Exercise instructions: Set down the lines that begin at the top of the records and end with the line containing "ЗАКУПЛЯЄМО НА ПОСТІЙНІЙ", and drop every picture.

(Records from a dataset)

++++++

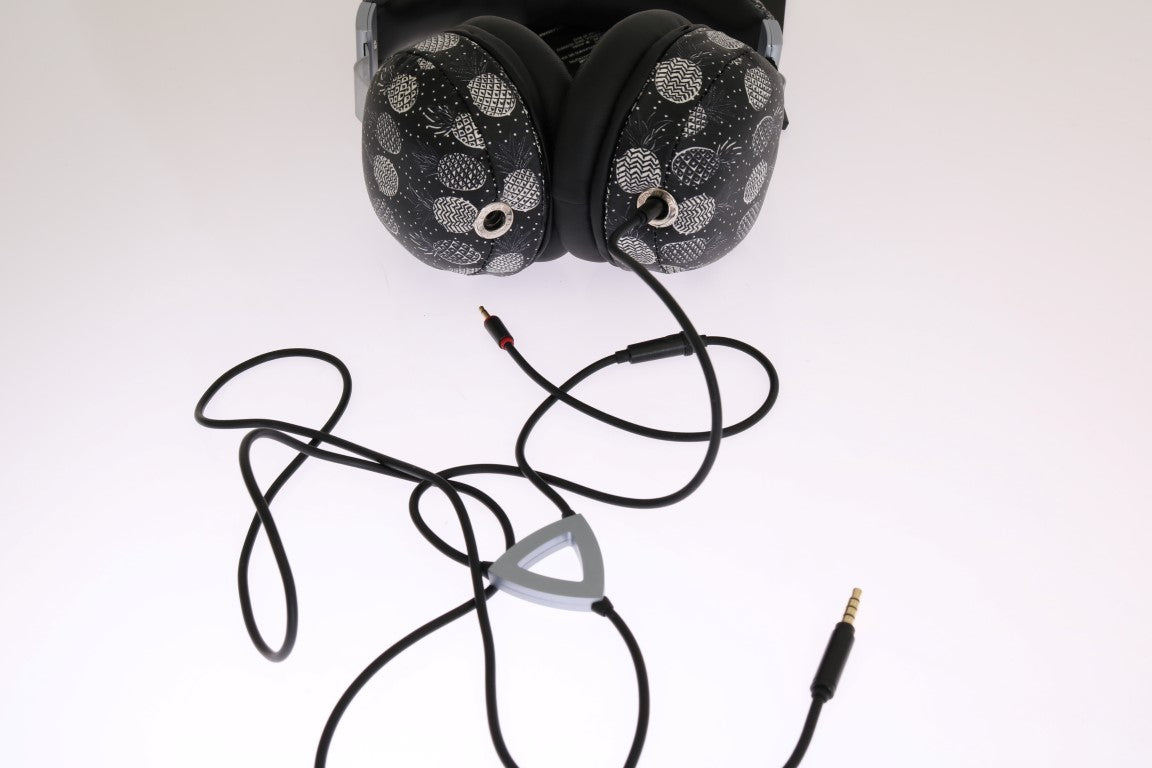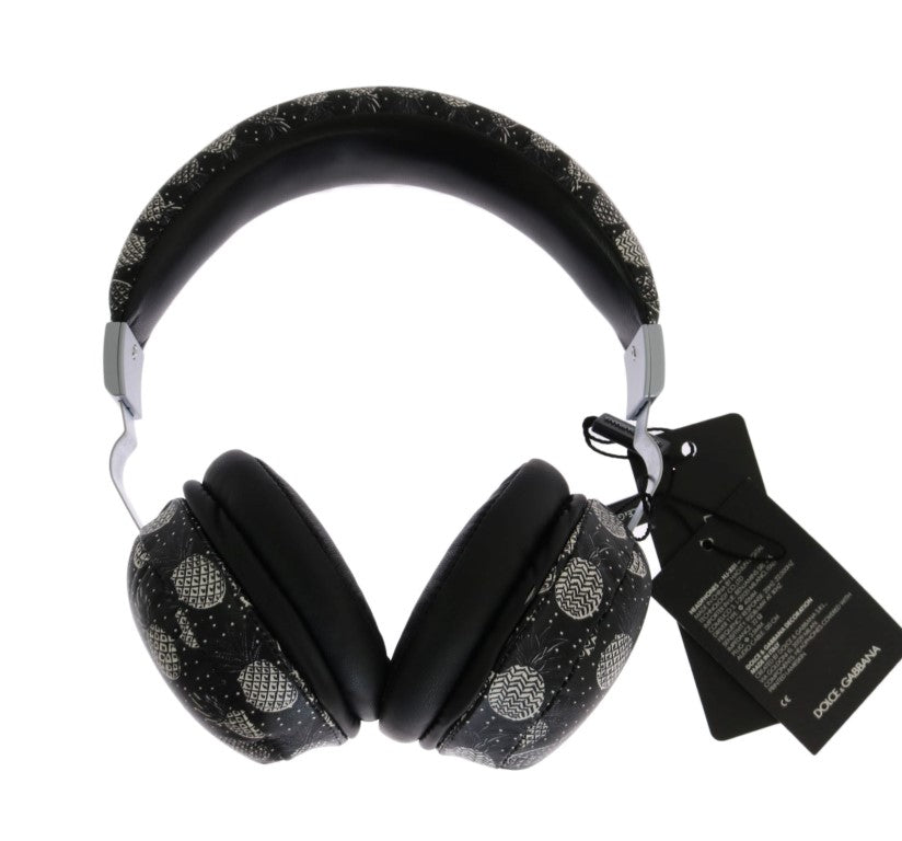 Schwarzer Kopfhörer mit Ananas-Print aus Leder
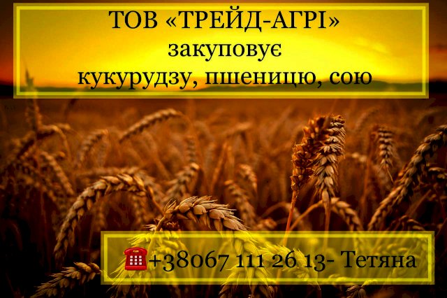 ЗАКУПЛЯЄМО НА ПОСТІЙНІЙ ОСНОВІ КУКУРУДЗУ, ПЩЕНИЦЮ, СОЮ
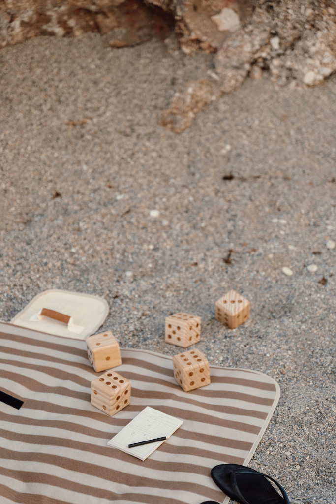 The outdoor yacht game is the classic dice game that is perfect for lovely outdoor days. The goal of the game is to get the highest possible score by rolling and combining the dice in different ways. The game is easy to learn and can be played by all ages. 5 dice, measuring 7x7x7cm, a notepad and pencil is included. Packed in a cotton bag with a mesh back. Manual included. All wooden parts are crafted from high-quality FSC®-certified pinewood, ensuring wood from responsibly managed forests.
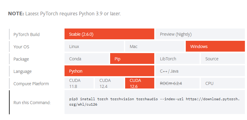 如指令pip3 install torch torchvision torchaudio –index-url https://download.pytorch.org/whl/cu126
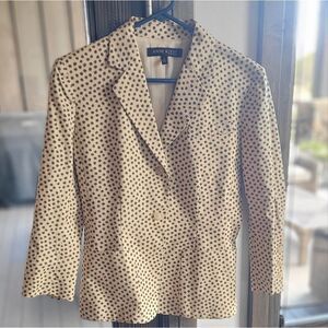 Stylish tan blazer with floral dots. Classic design. Perfect for any occasion.
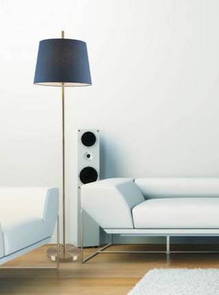 An opulent look by its finish, yet elegant and simple, the Dior features an antique brass finished circular base and column stand topped with a textile shade in blue or white. Perfectly paired to the Nordic trend for added depth and mood, or to a Deco inspired space for added ambiance. Also available as Table Lamp.
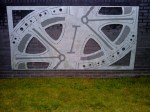 Susheila also made large metal panels to be hung on walls either side of the main entrance, and smaller panels for walls inside the estate, based on drawings of machine parts the kids had made at the museum.
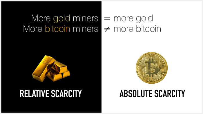 Ambas as mercadorias são escassas, mas ninguém conhece a oferta global de ouro, embora saibamos que haverá apenas cerca de 21 milhões de bitcoins em circulação. O ouro tem escassez relativa, o que significa que é escasso em relação à quantidade de energia aplicada para extraí-lo. O Bitcoin é absolutamente escasso, o que significa que é finito. Não importa quanta energia seja gasta na mineração, a rede continuará a produzir novos blocos na mesma taxa e com limite máximo.
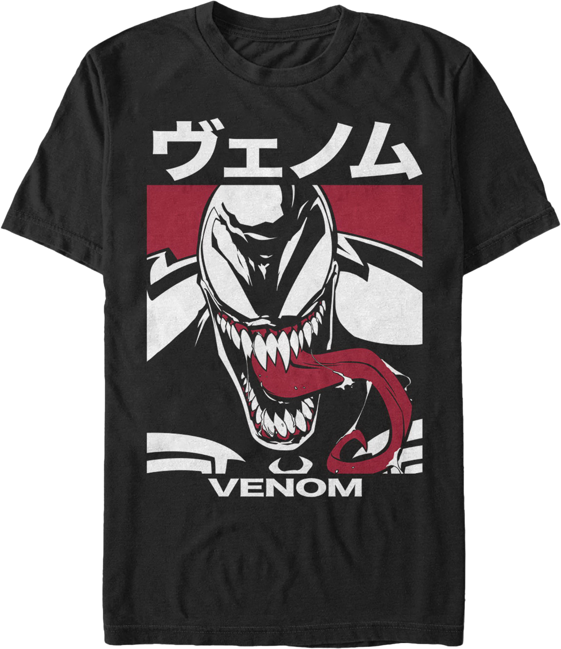 For any fan of the destructive symbiote, this Kanji Venom t-shirt is a must have!
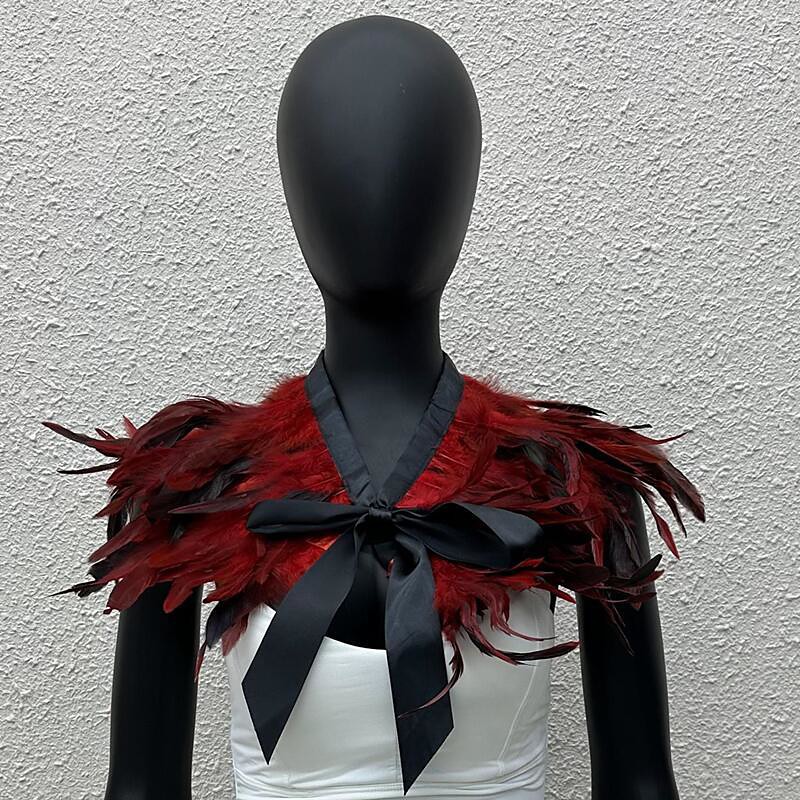 Carnival 2026Rio Carnival Samba Accessories Women's Black Feather Cape Shawl with Satin Ribbon Tie Brazil Festival Performance Costume
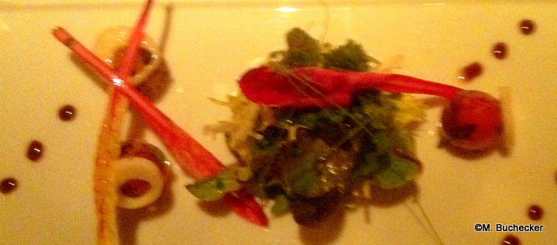 The next course was a salad, or salad-like, dish. Brad had his choice of Pintade Fermiere Verrine with Fuji Apples and Walnuts, or Octopus “A La Plancha” with Black Garlic Aioli. He opted for the octopus.
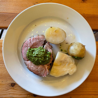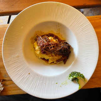 Food suddenly hits the table, a starter of beef brisket on a Polenta mash, OMG! so tender and full of flavour, wish we had a double portion. It was a bloody good start, then followed soon after by fresh sour dough bread and homemade fresh wild garlic and I think a curd cream to dip into, I mean it needed nothing extra, it tasted fantastic.
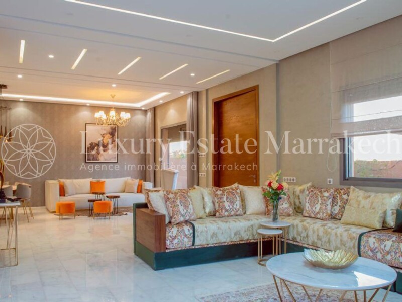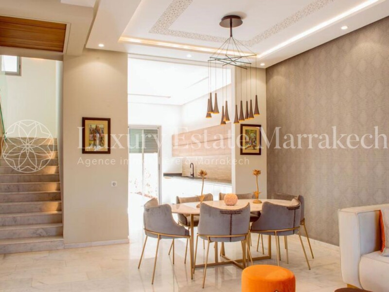 The project is a guarded residence of 54 semi-finished villas with an area between 250m² and 450m². offering a very efficient strategy of urban and technical architectural solutions. -This area is located in the heart of vast green spaces next to a golf course 8 minutes from Boulevard Mohamed 6 and 4 minutes from Oasiria Park. -Surface of 127m² covered on the ground floor, designed in a clear and functional way favoring open spaces with a view of the garden and swimming pool. -Surface of 147 m² covered upstairs consisting of four large suites each with its own bathroom. - Accessible terrace with an area of 147 m² with a breathtaking view of the Atlas. -4 bedroom semi-detached villa upstairs with swimming pool. -Price 290,000 EUROS FINISHED unfurnished.
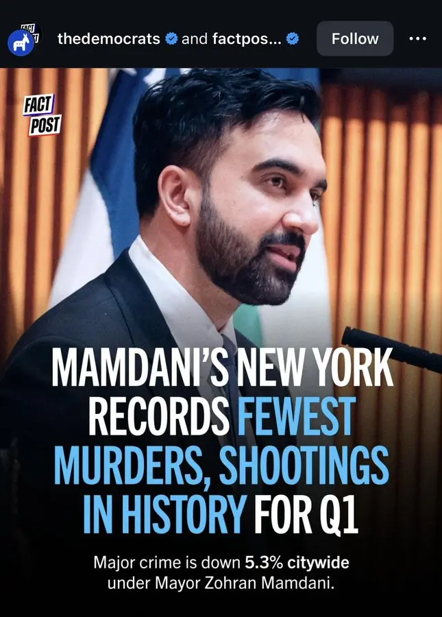 Synthaholic said: Lol! Click to expand... What did Mamdani do to reduce crime? Besides fudging the numbers?
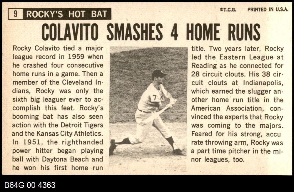 | 1964 Topps Giants #9 Rocky Colavito | 7 - NM | Front | Back |
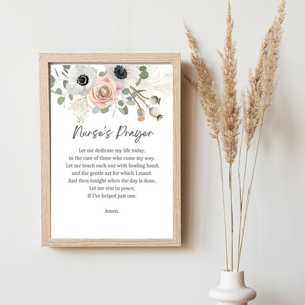 Nurse #39 s Prayer Printable Floral Wall Art (PDF) Etsy Nurses prayer
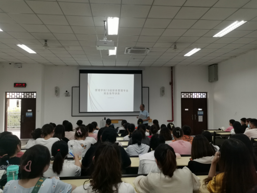 (文/图 就业科 张金波)2022年7月12日管理学院组织19级财务管理专业学生在6204进行就业指导讲座。本次讲座由管理学院学工主任王燕楠老师主讲,全体19级财务管理专业学生参与。
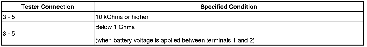 If the result is not as specified, replace the relay.
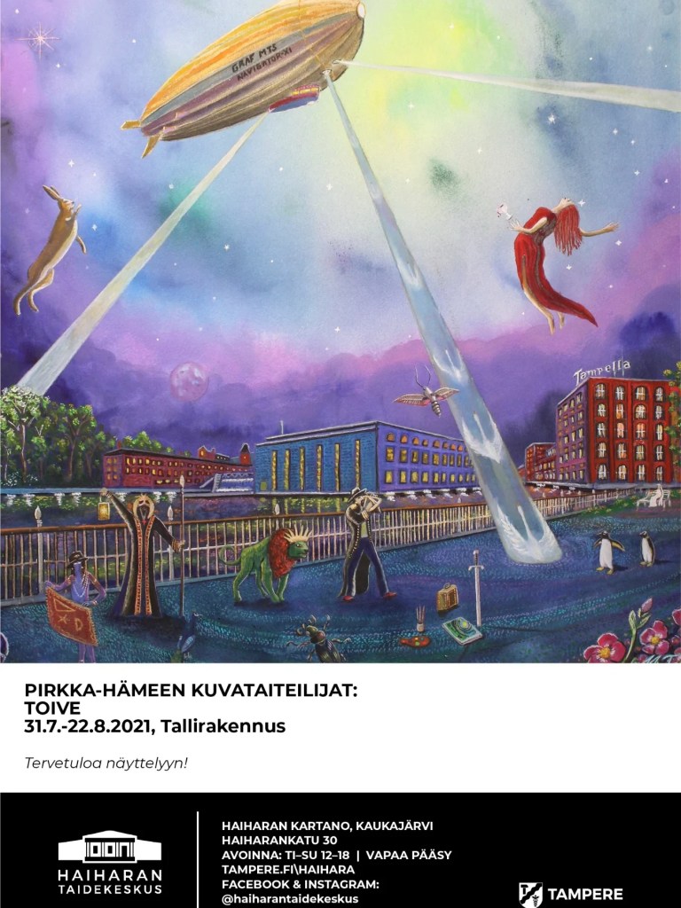 8.-31.7.2023 Pirkka-Hämeen Kuvataiteilijat ry jyrytetty Juhlat – näyttely yhdistyksen 70-vuotisen taipaleen kunniksi. Esillä kolme teosta.
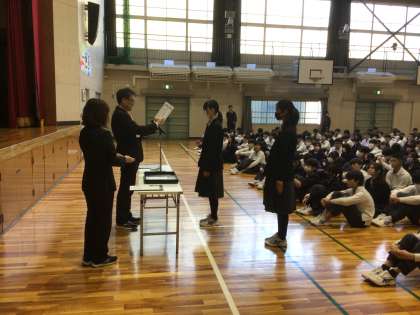 全校集会の様子です。はじめに表彰を行いました。
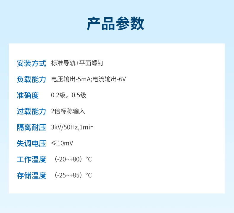 產(chǎn)品描述:電壓變送器是一種將被測交流電壓、直流電壓、脈沖電壓轉(zhuǎn)換成按線性比例輸出直流電壓或直流電流并隔離輸出模擬信號或數(shù)字信號的裝置。
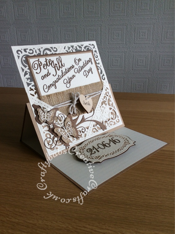 Wedding card and matching photo frame gift made to match wedding invitation using a variety of dies including; Spellbinders gold elements one dies, Labels 25 and majestic labels 25, and Nesting plain and scalloped hearts dies, Memory Box Gwyneth flourish and Levenworth and Cascadia butterfly trio dies, Cheery Lynn delicate lace script dies, Britannia sentiment die,Tattered Lace ‘A Date To Remember’ dies, Quickutz Nesting plain and scalloped circle dies. and spellbinders les papillions die. Hessian butterflies were shop bought. Hessian ribbon, string & wooden heart were on wedding invitation, rub on transfers applied to both sides of wooden heart.
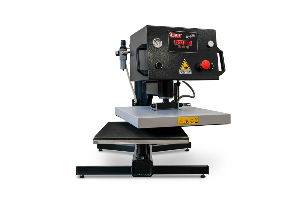 TS MONO היא מכונת העברת חום אוטומטית המספקת פונקציה פניאומטית ולוח תמיכה אחד, המתאימה לכל סוגי היישומים על טקסטיל (חומרי העברת חום, פלאסטיסול, סובלימציה). המשטח העליון נפתח אוטומטית ומסתובב הצידה, מה שמבטיח בטיחות במהלך ההפעלה. הרב-תכליתיות שלה מאפשרת למפעיל להדפיס על אובייקטים בעובי מקסימלי של 50 מ"מ (אלומיניום, קרמיקה וכו'). מכונות הדפסה (15 x 15 ס"מ או 15 x 38 ס"מ) וסטים לכובעים הם אופציונליים וזמינים בתוספת תשלום.
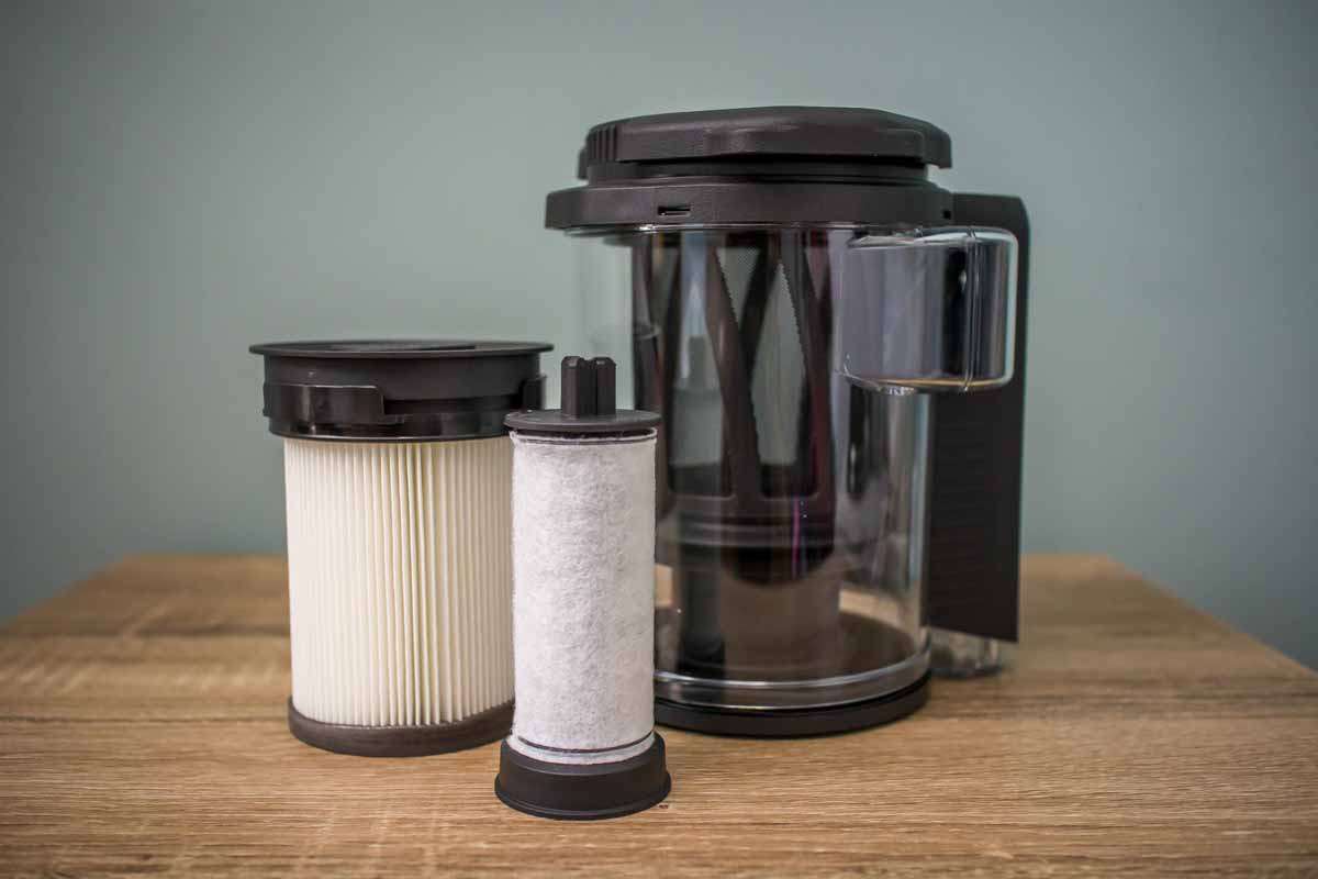 The motor is where the magic happens and this is where most of the tech is. On the handle is a single button, which has four different settings, off and power 1, 2 or 3. These numbers correlate with power output, 1 being a low suction, 3 being a high suction. Below that button is three small indicator lights, showing the battery level. Behind the handle is the motor section, along with the plastic dustbag, which holds a total of 0.5L of dirt. Inside the dustbag are two different filters, a pre-filter and a fine dust filter, both of which are removable. To remove them and/or empty the container, you need to twist the lid and then the whole container will become lose and you can move it away from the rest of the cleaner. Keep twisting it and the bottom exit cap will release, dropping out the dirt at the same time. Below the container is the battery, which is removable and has a single power inlet, for charging with the battery installed or removed.
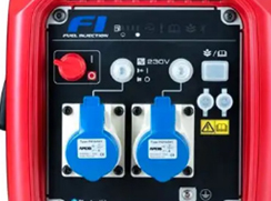 ![]() | Панель управління: інтуїтивно проста, доступна недосвідченому користувачеві. На ній виведені: кнопка запуску генератора, основні індикатори роботи, розетки - 2 шт на 16 ампер, запобіжник на розетки, заземлення. |

++++++

Output below:
 Schwarzer Kopfhörer mit Ananas-Print aus Leder
 ЗАКУПЛЯЄМО НА ПОСТІЙНІЙ ОСНОВІ КУКУРУДЗУ, ПЩЕНИЦЮ, СОЮ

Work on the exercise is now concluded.